Une épidémie de suicides

Il y a un an et demi, Ross Douthat, éditorialiste du New York Times , notait que «plus d'Américains meurent de suicide que d'accidents de voiture, et les suicides par arme à feu sont presque deux fois plus fréquents que les homicides par arme à feu». Deaton et sa femme, Anne Case, ça ne va pas mieux. L'augmentation du nombre de suicides a fait monter «modestement les taux de mortalité blanche dans la nation la plus riche du monde».

Douthat a attribué l'augmentation à la perte des liens sociaux traditionnels, provoquant une recrudescence de la solitude. Il a cité une étude publiée dans The New Republic : "un Américain sur trois de plus de 45 ans s'identifie comme souffrant de façon chronique, contre seulement un sur cinq il y a dix ans".

Un conservateur, Douthat est néanmoins capable de voir le coût pour les individus en quittant leurs petites communautés confinées pour la stimulation et l'opportunité de nos villes tentaculaires. Pour grandir et grandir, pour échapper aux gens qui veulent que vous soyez comme eux, vous devez partir. Mais alors, souvent vous finissez par être isolé, vulnérable et désespéré.

Les progressistes verront les données comme un signe de notre «effilochage des filets de sécurité et. . . »et ils notent que les taux de suicide ne grimpent pas en Europe, ce qui a des avantages sociaux plus généreux. Les gens là-bas sont moins susceptibles de se sentir abandonnés et punis pour ne pas réussir. Dans le même temps, en Amérique, les taux de suicide ne sont pas en hausse chez les Noirs et les Hispaniques, peut-être parce que ces cultures ont toujours eu tendance à soutenir davantage les personnes souffrant de maladie, d'incapacité et de chômage.

Douthat voit en laissant nos communautés traditionnelles comme un choix. Mais, peut-être, ce n'est pas un choix du tout, mais un impératif de développement et une question de survie. Le monde moderne peut exiger que nous soyons plus indépendants, plus séparés et plus solitaires.

De plus en plus, nous sommes tous obligés de nous adapter à l'instabilité et au changement. Nos entreprises n'offrent plus de carrière fixe ou même fiable à leurs dirigeants et cadres, en proie à la menace permanente de fusions, reprises, cessions, restructurations et réductions d'effectifs, toutes demandées par des investisseurs recherchant toujours plus de «valeur actionnariale». les employés de niveau sont menacés par des taux de chômage élevés et des salaires inadéquats. Les professionnels font face à un monde dans lequel une grande partie de leur expertise est dupliquée par des machines intelligentes ou sous-traitée à ceux qui sont moins bien formés car les coûts sont continuellement réduits.

Les économies modernes sont également aux prises avec la manipulation financière, la fraude, le copinage et les attaques contre le contrôle et la réglementation. Sans parler des risques croissants de catastrophes naturelles provoquées par le changement climatique.
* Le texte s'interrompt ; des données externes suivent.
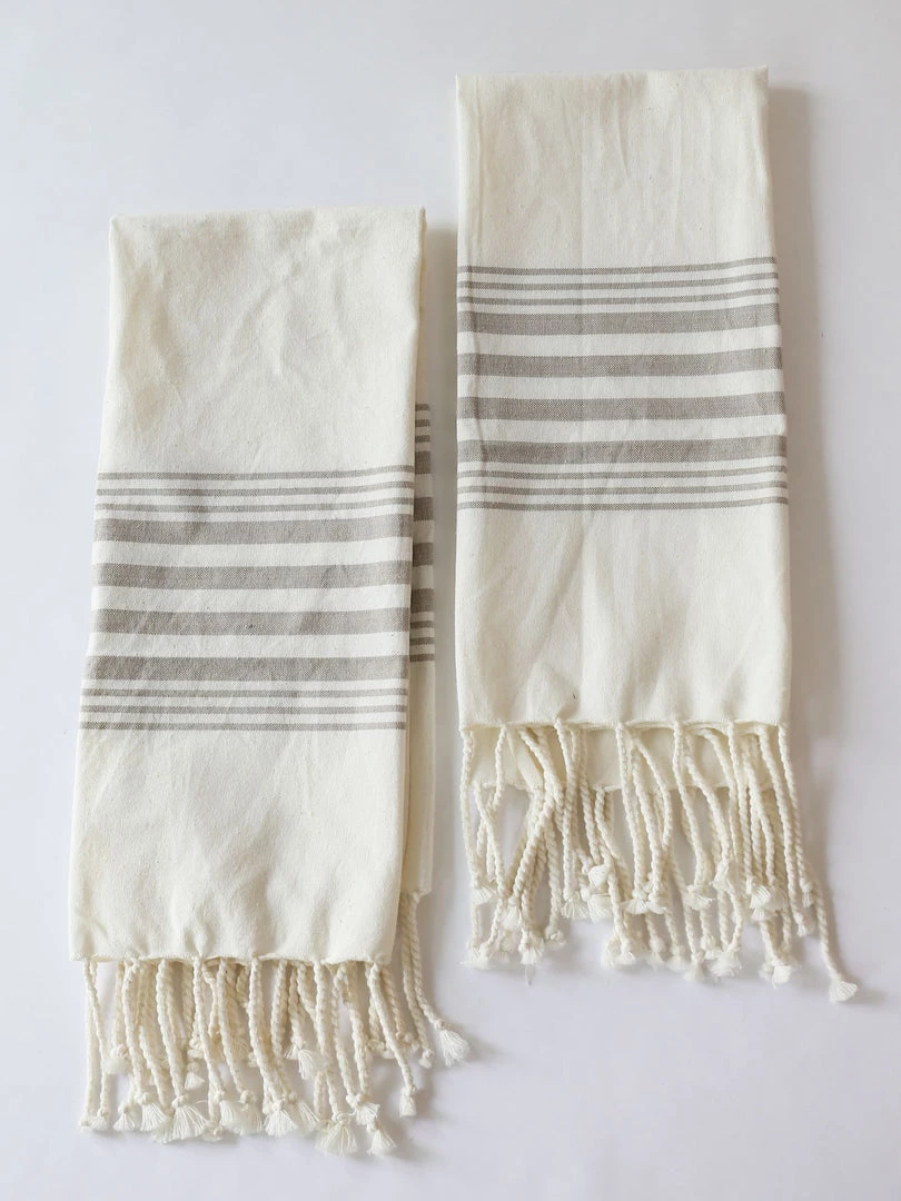Description: These soft dish towels are perfect for your kitchen! Available in two different neutral colors, they will blend with any existing home decor and add a cozy vibe to your home!

Bref, le monde moderne exige de nous d'être agiles, adaptatifs et prêts à repenser nos propres identités. Cette demande n'est plus anormale, surprenante ou choquante. Mais cela signifie que nous pouvons prendre de moins en moins pour acquis. Nous sommes tous à la dérive sur une mer de changement, et il faut du courage et de la force émotionnelle pour se maintenir à flot.

La solitude n'est qu'une des conséquences de cette nouvelle réalité. Cela conduit certains à rechercher des certitudes illusoires, des vérités fondamentales qu'ils peuvent affirmer sans beaucoup de preuves à l'appui. D'autres cherchent un détournement constant ou se retirent. Beaucoup deviennent déprimés et envisagent le suicide.

Certains prospèrent, mais beaucoup coulent.